Does there exist the right (left) limit of the
difference quotient for x irrational?
I think the answer is no, but a proof is not so
trivial, beacuse it implies to study the set
S={ m - n*x | m<n are positive integers relatively prime}
Some idea?
Thank you veru much for your attention.
My Best Regards,
Maury Barbato
Arturo Magidin
> Hello,
> consider the well-known function f:(0,1)->R defined by
>
> f(x) = 1/n if x = m/n, with m and n relatively prime,
>
> f(x) = 0 if x is irrational.
>
> Does there exist the right (left) limit of the
> difference quotient for x irrational?
> I think the answer is no, but a proof is not so
> trivial, beacuse it implies to study the set
>
> S={ m - n*x | m<n are positive integers relatively prime}
>
> Some idea?
It looks vaguely like the kind of considerations made in Hurwitz's
theorem and variants thereof. For example,
Hurwitz's Theorem. Given any irrational number x, there exist
infinitely many different rational numbers h/k (with h and k
relatively prime) such that
| x - (h/k)| < 1/[sqrt(5)k^2].
Moreover, the sqrt(5) factor is best possible.
Not sure if that helps, but perhaps a way to start looking around.
In general, the subject of "Diophantine Approximation" deals with the
problem of: given an irrational number x, to determine all solutions
of |qx - p| < psi(q), where psi is a positive, decreasing function of
real variable, and p and q are integers.
Don't know if that will help, but it looks similar to what you are
looking at.
--
Arturo Magidin
Dan Cass
For x irrational and rational r=h/k in lowest terms,
the difference quotient is
** [f(r)-f(x)]/(r-x) = [1/k - 0]/(h/k - x).
From Arturo's post, for infinitely many fractions h/k,
| x - (h/k)| < 1/[sqrt(5)k^2].
From this, 1/|h/k - x| > sqrt(5)*k^2.
So for these fractions h/k, the difference quotient
is at least sqrt(5)*k in absolute value.
So the difference quotient is unbounded (from either side).
On the other hand, if y is an irrational near the irrational x, the difference quotient is 0.

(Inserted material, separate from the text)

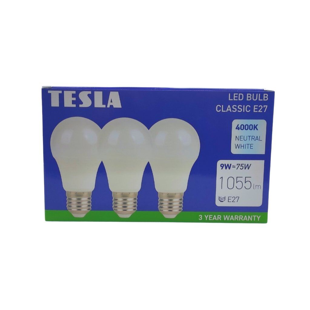 LED bulb žárovky TESLA BL270940-3PACK pocházejí z dílny osvědčeného českého výrobce TESLA lighting, jenž se může pochlubit více než stoletou historií v oblasti osvětlovací techniky. Tříkusové balení s paticí E27 je připravené pro široké využití v interiérovém osvětlení, přičemž každá jednotka poskytuje světelný výkon 1055 lumenů.
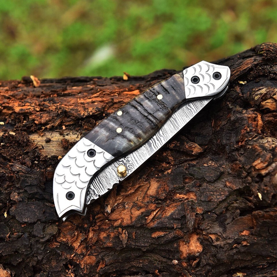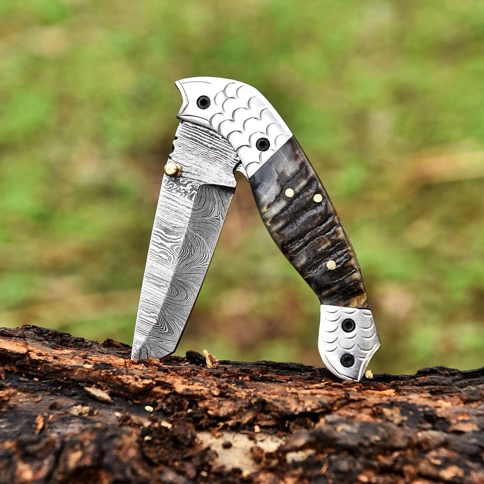 Damascus Folding Dagger Tanto Blade Pocket Knife Viking - Ram Horn Handle

So I think this shows your function f(x) is not
differentiable from either side at irrational x.
W^3
<790314738.46370.12578...@gallium.mathforum.org>,
Maury Barbato <maurizi...@aruba.it> wrote:
Just to look at one specific irrational, consider [f(e/3) -
f(S_n/3)]/[(e/3) - (S_n/3)], where S_n = sum(k=0,n) 1/k!. S_n/3 =
integer/(3n!), so f(S_n/3) >= 1/(3n!). So in absolute value this
difference quotient is >=
[1/(3n!)]/[e/3 - S_n/3]
= (1/n!)/(e - S_n) (1).
Now e - S_n = sum(k=n+1,oo) 1/k! < 1/(n+1)![1 + 1/(n+2) + 1/(n+2)^2 +
...]. In the brackets we have a geometric series that sums to
(n+2)/(n+1), which shows (1) is on the order of n as n -> oo.
Maury Barbato
Good, this surely works!
Thank you very very much, Dan.
Maury Barbato
Numbers are a wonderful wood, where I often get
lost, but when I always get out of it, taking some
hidden treasure!
Thank you, very much, Arturo (this name sounds
quite familiar to me: I'm Italian).
Friendly Regards,
Maury Barbato
William Hughes
Avoiding Hurwitz's Theorem.
All we need is | x - (h/k)| < 1/k
which is immediate.
Let y_1, y_2, y_3 be a sequence of irrationals
with limit x. Then the difference quotient is 0.
For each n, choose an integer k(n) so that
k(n)/n is smaller that x and x-k(n)/n is a minimum.
Clearly k(n)/n has limit x.
Now consider (f(k(n)/n) - f(x))/ (k(n)/n - x).
The denominator has is absolute value less than 1/n.
The numerator is greater than or equal to 1/n.
Thus the difference
quotient has absolute value greater than 1.
- William Hughes